How transaction enrichment works:

  • Categorisation – Identifying spending patterns (e.g., groceries, rent, subscriptions).
  • Classification – Understanding transaction types (e.g., recurring bills vs. discretionary spending).
  • Merchant Identification – Recognising businesses instead of vague bank descriptions.
  • Affordability & Income Verification – Determining disposable income & financial stability.
  • Risk Indicators – Highlighting overdraft reliance, loan stacking, or spending volatility.

By moving beyond static credit scores, lenders can offer smarter, fairer lending decisions with confidence.

Where is open banking headed?

  • The global open banking market is projected to reach $116 billion by 2026, growing at 25% CAGR.
  • Europe leads adoption, with 68% of fintechs in the UK already integrating open banking APIs.
  • 64% of lenders report that open banking has improved their credit decisioning.

As adoption grows, open banking is driving a shift towards data-driven lending models. This evolution is unlocking:

  • Stronger fraud prevention, using live financial data.
  • Faster, fairer lending, especially for underserved consumers.
  • More personalised financial products, aligned with real spending behaviour.

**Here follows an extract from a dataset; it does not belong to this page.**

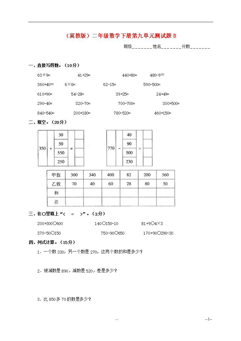 试题-全国-2011_二年级数学下册 第九单元测试题B 冀教版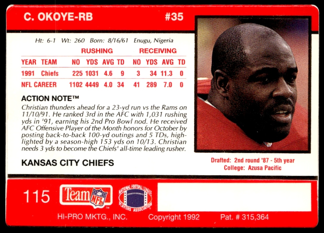 This Football card, from 1992 is part of the Action Packed card set. Christian Okoye is featured and has a card number of 115.

Lenders who integrate open banking gain a competitive edge, while those relying solely on traditional models risk being left behind.

Conclusion

The financial industry is evolving, and open banking is at its centre. Lenders are shifting from traditional credit models to real-time financial decision-making, reducing risk while expanding access to fairer credit. At Atto, we help lenders turn raw banking data into powerful insights. Through real-time affordability checks, enhanced risk assessments, and enriched transaction data, we are shaping a more transparent, efficient, and inclusive financial ecosystem. For financial institutions, data-led decision-making isn’t optional—it’s the foundation of modern risk management and growth.